With the US-Sino trade war ricocheting across global economies and injecting a distinctly acrid tone to international relations, it’s worth having a look at how and whether this dynamic might play out and amplify in the years to come.
The trade war itself, while undoubtedly significant in its impacts, are nonetheless a symptom of a long-developing confrontation between today’s great powers — a clash that could usher in a world of decoupled economies, with the West’s ideologies on one, and the other with China and its allies.
The fear, though, isn’t about a new, literal Berlin wall. It’s a digital and technological divide with two sets of ethical and scientific standards, two ecosystems competing for the same (-ish) goals.
Up for grabs, of course, are technologies to define the new frontiers of tomorrow’s economy: AI, gene editing, IoT, smart cities, autonomous vehicles, quantum computing, to name a few.
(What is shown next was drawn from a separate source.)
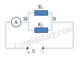 Hai điện trở R1 và R2 được mắc theo hai cách vào hai điểm M, N trong sơ đồ hình 6.1, trong đó hiệu điện thế U=6V. Trong cách mắc thứ nhất, ampe kế chỉ 0,4A. Trong cách mắc thứ hai, ampe kế chỉ 1,8A.
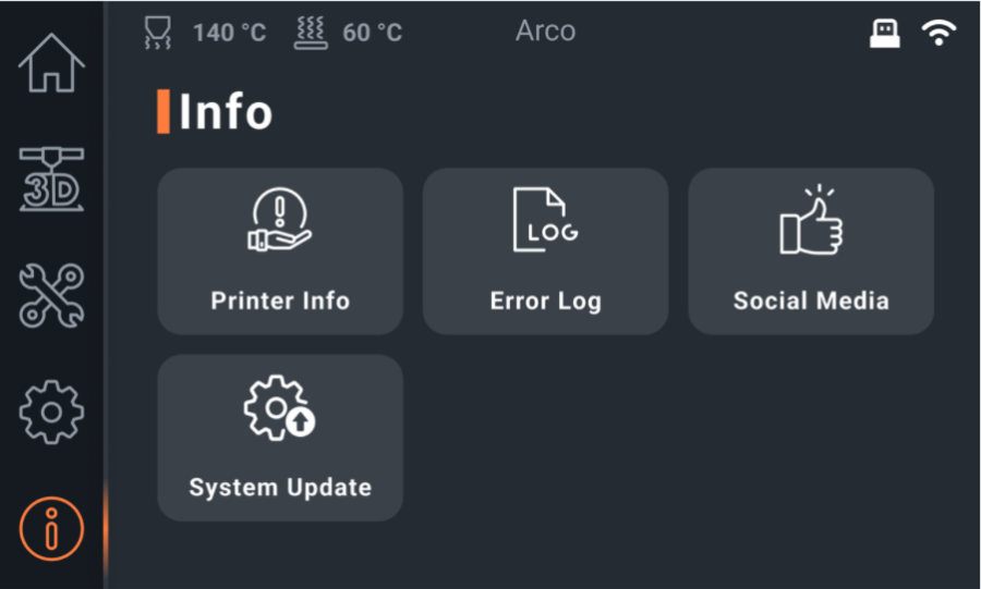 - 重新開機後,點選左下角的 「i」資訊頁,並點擊列印機資訊,確認韌體版本是否已成功更新至最新版。

This clash is viewed by some as an inevitable meeting in a crowded arena for technological dominance. China, for its part, has enjoyed decades of meteoric growth. From its ‘Century of Humiliation’ which included confrontations which saw territories like Hong Kong and Macau handed over to foreign powers, and immense economic mismanagement by its Communist bosses which caused the death of millions — the Middle Kingdom, now the second biggest economy in the world, became THE great comeback story.
The US, long the global hegemon, carried out a kind of ‘leave-and-let-be’ policy, under the assumption that as the Chinese economic policies liberalized and opened its vast markets for capitalistic ideas, so too will its social policies. So, for decades, uncomfortable headlines about the Party’s human rights abuses like its relationship with Tibet and Hong Kong, and awkward trade practices such as forced technology transfers and restricting market access to foreign firms — were largely ignored in hopes that it’d get better in time.
However, China’s visions of grandeur, manifesting in forms such as the Belt and Road Initiative and Made In China 2025, have over the years raised increasing alarm in Washington and similar circles; despite opposition to Trump, there is largely bipartisan support for a more aggressive approach to dealing with China.
So in this techno-ideological clash, will we see the world split into walled gardens?
One might say bollocks: The supply chains and networks formed between the two countries, and the many nations interwoven into the global trading system we see today, are so complex and deeply entangled that a complete severance seems impossible. Besides, open systems can be far more conducive to innovation, if one of two competitors have an open commons type approach, and the other locked behind a firewall — the former will get further ahead faster.
But, this decoupling has already happened, and has been the case since China came into the international scene: there are already two different internets, one being the heavily censored version in China and elsewhere like Iran and Russia, the other being the lightly censored alternative in the west. Internet companies exist as digital twins within China and the rest. Google and Amazon in the US, Baidu and Alibaba in China. So the question isn’t whether this divide exists, but whether it will extend beyond the social media and e-commerce firms, and into every other industry from automotive to biomedical.